Мы встретились в Раю
Шрифт:
Арсений, застав его нежилым и запустелым, с трудом узнает дом, где прошло детство, будет бродить по полуразобранным полам под проломами в потолке и пытаться хоть что-нибудь восстановить в памяти. Самым поразительным окажется, что Арсения узнают и вспомнят и что об отце до сих пор здесь ходят легенды, как о враче-чудодее, Человеке С Луны.
И тогда, вернувшись домой, Арсений напишет наконец о детстве большую повесть, где дом деревенской ссылки сольется в одно с домом среди полей; где могучий старик, срисованный с отца, каким тот неожиданно откроется Арсению при поездке, встанет во весь свой недюжинный рост, напрочь затмив маленького, слабого сына, которому Арсений безжалостно передаст многое от себя.
Надежд на публикацию повести на Родине будет немногим больше, чем в связи с романом, однако, в отличие от рукописи ?ДТП?, Арсений не рискнет передать рукопись трагедии за рубеж.

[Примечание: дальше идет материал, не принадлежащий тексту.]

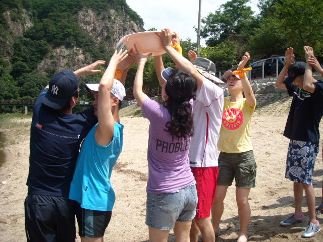손을 올려 물을 나르는 모습인데..다들 물동이만 없더라면 손들고 춤을 추는 모습을 연상시키네요~~즐거운 모습에 다들 흠뻑 빠진 시간입니다.

Ибо повесть получится трагедией.
158.
Взамен дяди Антония (офицера польской армии) и дяди Андрея (советского композитора), погибших в лагере в конце тридцатых - настоящих, кровных дядьев Арсения, - ему предложили
Впрочем, надо отдать дяде Косте должное: едва Евгений Ольховский, отсидев положенные восемь лет, освободился и вышел за ворота зоны с полугодовалым сыном на руках (последняя фигура - риторическая: мать Арсения, вольняшка, работала в лагере по найму, так что наш герой, хоть и родился в лагерной больничке, где отец фактически начальствовал, мытарился сравнительно легкими мытарствами первого круга - младенчество провел все же на воле), дядя Костя (он направлялся с какою-то спецгруппою через Владивосток в побежденную Японию) разыскал и навестил одноклассника, сознавая, надо думать, при этом, что по тем временам общение с пусть и отбывшим наказание, но все же врагом народа ничего хорошего принести не может, особенно ему, выездному политэконому-ориенталисту. Естественно, возраст у Арсения был не тот, чтобы в первую встречу запомнить дядю Костю: профиль ученого попугая, его очень сильные линзы очков, за которыми и глаз-то не разглядишь, сверхкоротко остриженные по бокам и взбитые впереди коком рано седые, но при этом довольно крепкие волосы, - однако рассказанная и пересказанная умиленными родителями история дальневосточного свидания возбудила чувствительное воображение настолько, что в конце концов Арсений обзавелся собственным о ней воспоминанием.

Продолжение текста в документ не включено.